## [How to complete this task]
Omit all pictures. Reproduce exactly the lines from the first line of the records below through the line with "Seward Park on".

## [Provided data]
=======

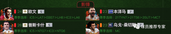 卡里姆·本泽马拥有出众的手感,全面的能力以及精湛的射术。本泽马盘带能力不俗,身体对抗也中规中矩,高空球方面的能力也具备,可以说是真心全面的一名前锋。中锋、影锋和前腰位置他都能胜任,最合适的位置是影锋。赛季选择方面21TYN、21TS、20U和MC都是不错的选择,银卡以上即可,具体几强如何选择参考上图中的赛季选择。
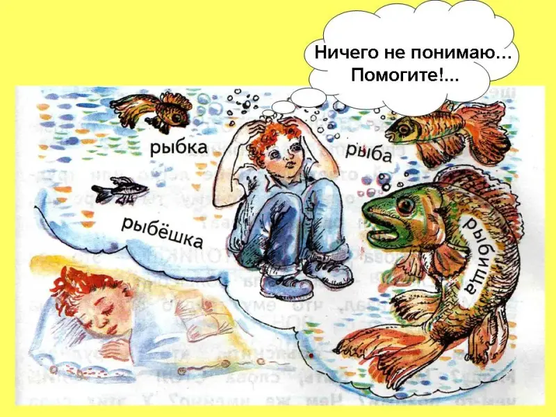 Слайд 1: Начало интриги, проблема, которую Миша не может решить самостоятельно: не могу отличить, где ЭТО слово, а где ФОРМЫ этого слова. Условия, которые предлагает Анишит Йокоповна (сквозной персонаж УМК «Перспективная начальная школа»), по сути дела формы работы на уроке. Миша вместе с ребятами принимает условия волшебницы.
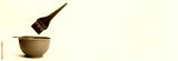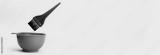 brush levitating over a plastic bowl of hair dye. Copy space for text. Horizontal banner
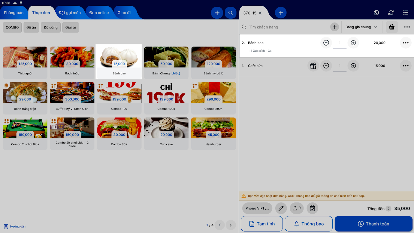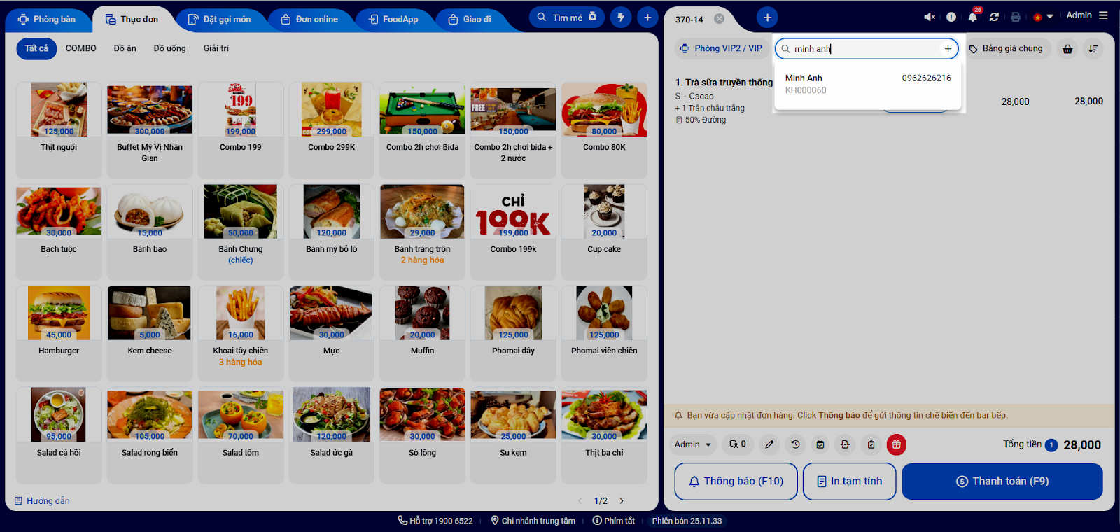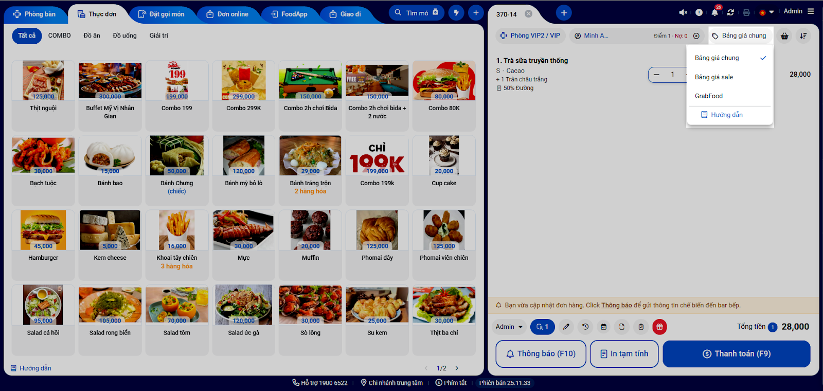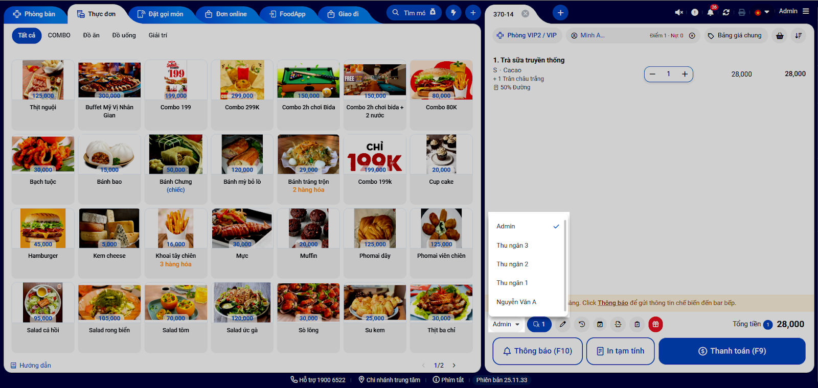 - Sử dụng tab Thực đơn, lọc theo nhóm hoặc tìm kiếm món.
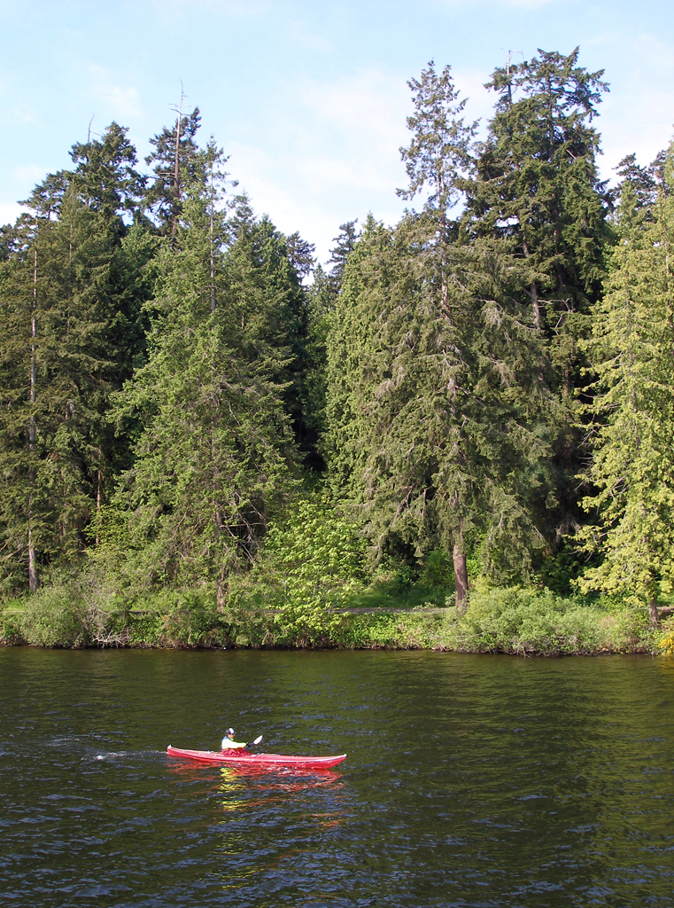 Seward Park on the shore of Lake Washington has extensive old growth forest. {Vegetation}
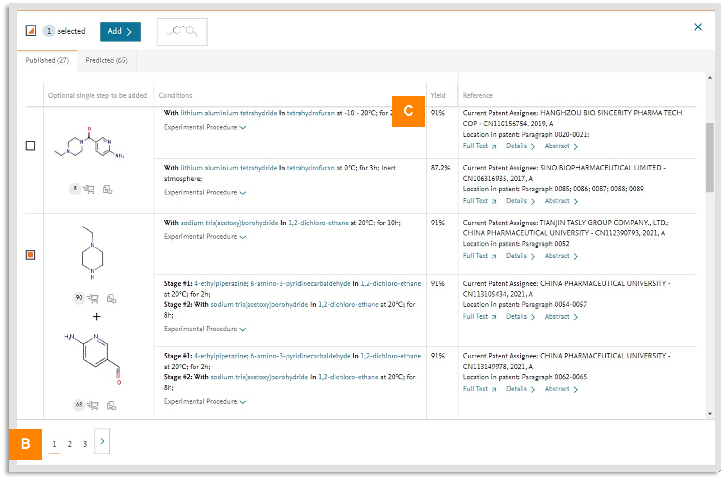 Yield based sorting of published reaction step: To review example reactions effectively, published reaction step(s) will be sorted by decreasing yields (C), so users will be able to select reaction step(s) with highest yield first.
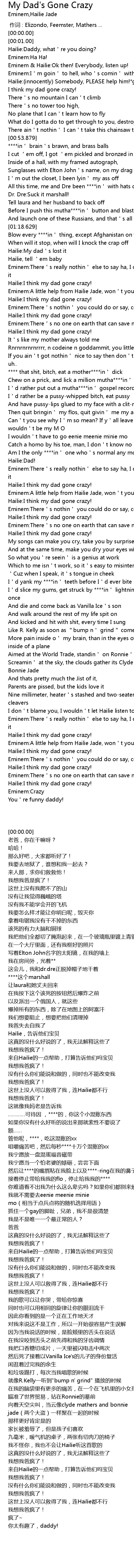 | [02:51.500] | Eminem:There's no one on earth that can save me, not even Hailie |
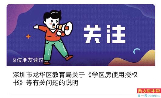 5月15日,龙华区教育局就此事答复南都,已于5月13日通过“龙华教育”微信公众号发布关于《学区房使用授权书》等有关问题的说明,明确了提交时间延长至2020年6月14日学校初审资料结束前。但家长务必先报名,在初审阶段联系报名的学校补交《学区房使用授权书》及产权证明材料。
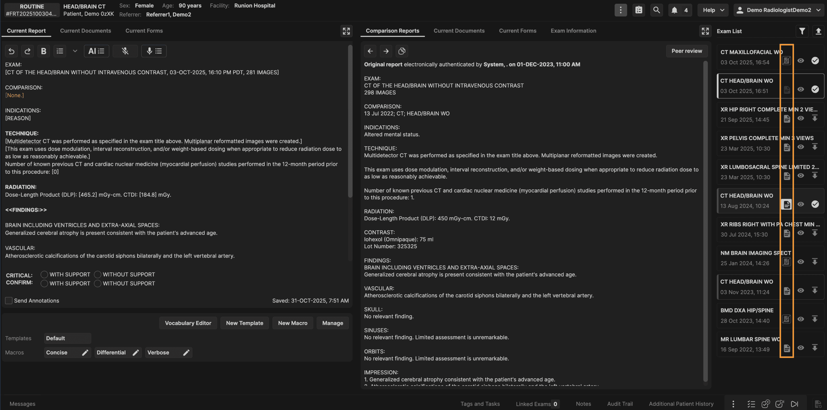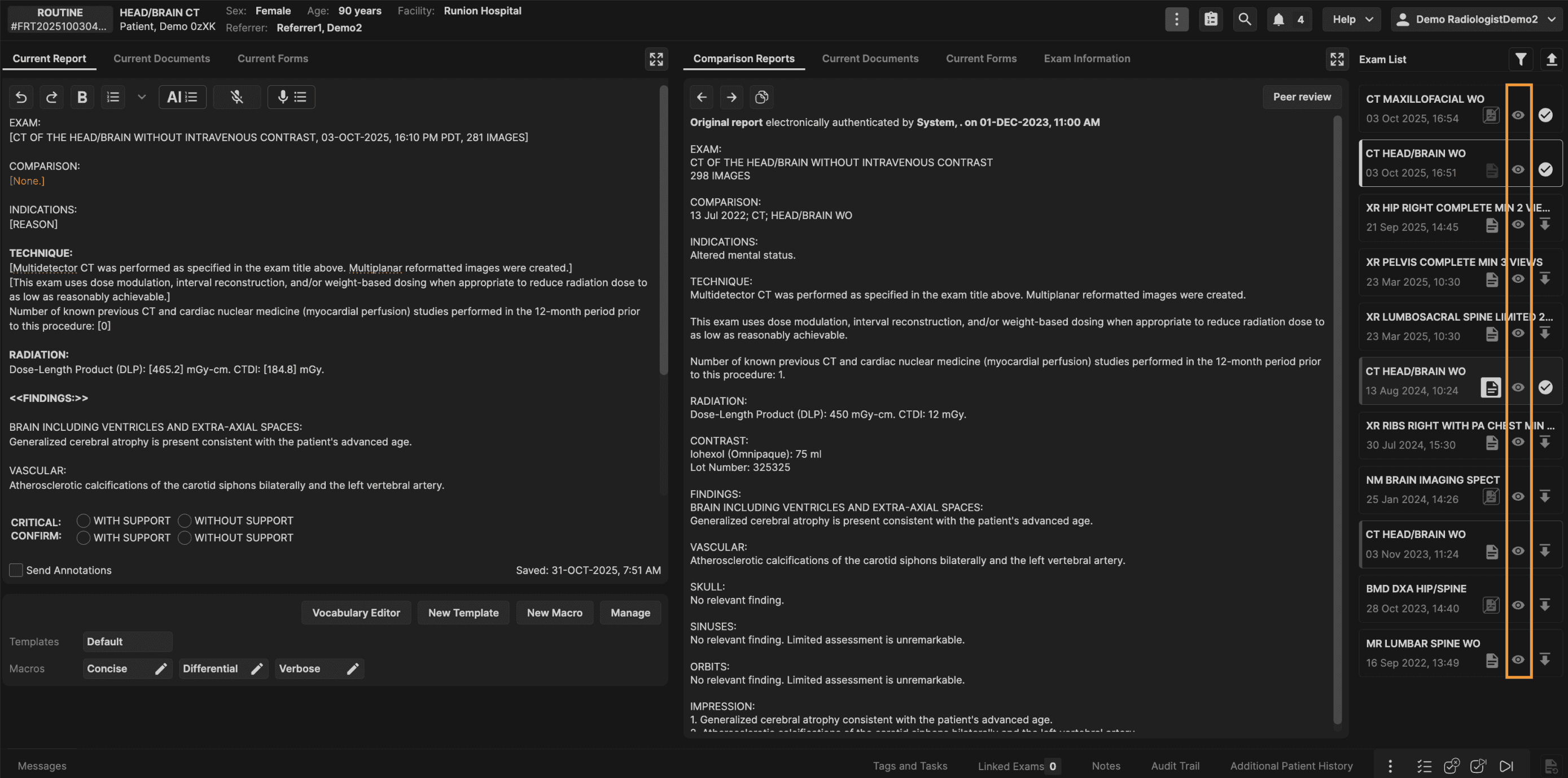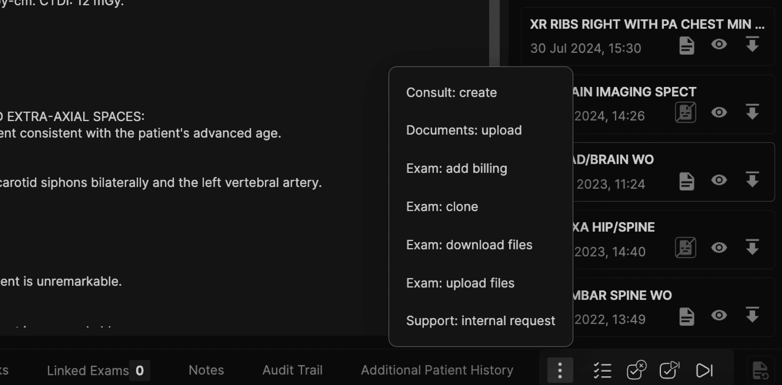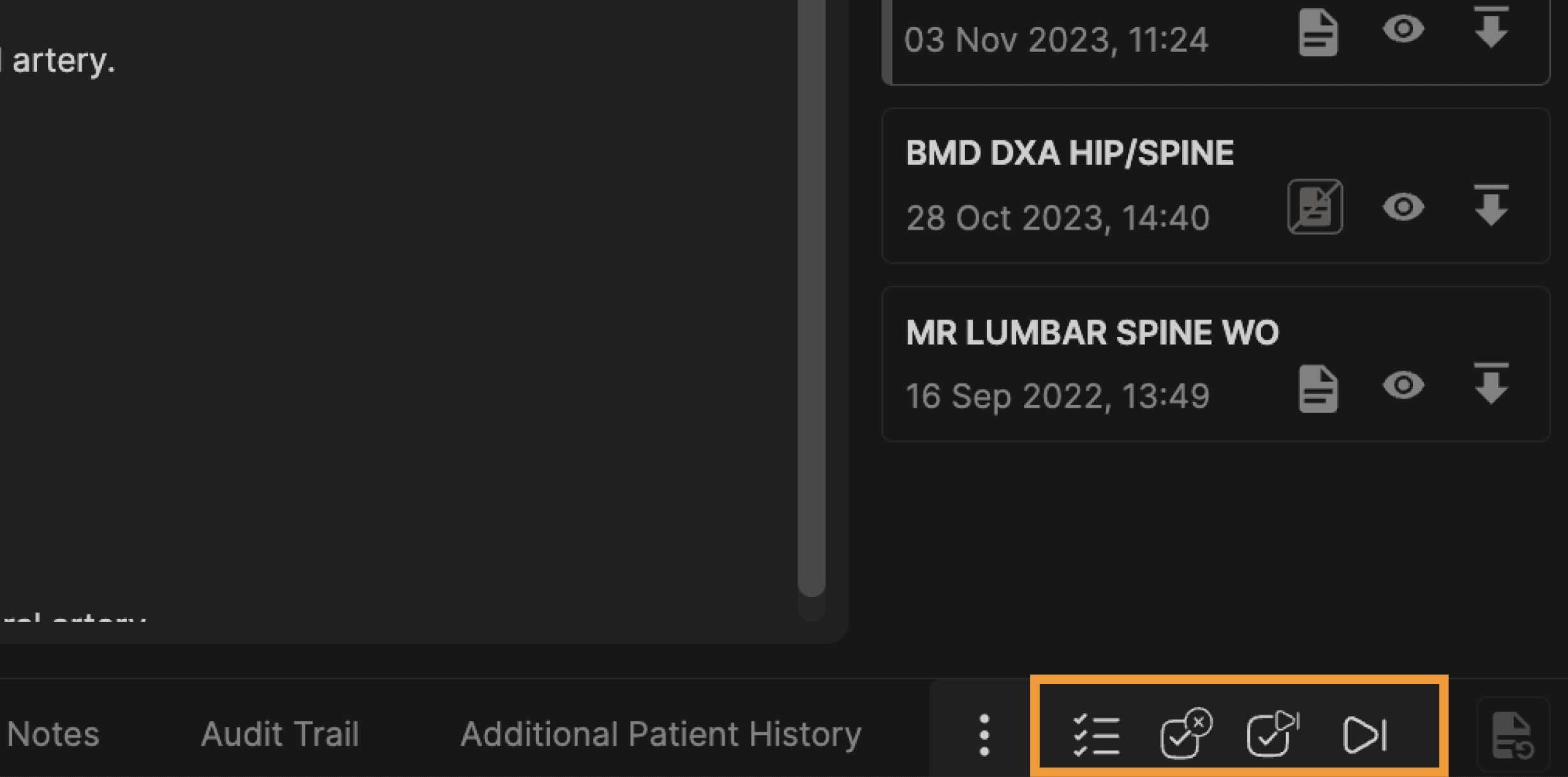 The Exam List panel is located on the right hand side of the reporting screen. The Exam List panel displays all prior exams for the current patient. | |

=======

## [Completed exercise]
 卡里姆·本泽马拥有出众的手感,全面的能力以及精湛的射术。本泽马盘带能力不俗,身体对抗也中规中矩,高空球方面的能力也具备,可以说是真心全面的一名前锋。中锋、影锋和前腰位置他都能胜任,最合适的位置是影锋。赛季选择方面21TYN、21TS、20U和MC都是不错的选择,银卡以上即可,具体几强如何选择参考上图中的赛季选择。
 Слайд 1: Начало интриги, проблема, которую Миша не может решить самостоятельно: не могу отличить, где ЭТО слово, а где ФОРМЫ этого слова. Условия, которые предлагает Анишит Йокоповна (сквозной персонаж УМК «Перспективная начальная школа»), по сути дела формы работы на уроке. Миша вместе с ребятами принимает условия волшебницы.
 brush levitating over a plastic bowl of hair dye. Copy space for text. Horizontal banner
 - Sử dụng tab Thực đơn, lọc theo nhóm hoặc tìm kiếm món.
 Seward Park on the shore of Lake Washington has extensive old growth forest. {Vegetation}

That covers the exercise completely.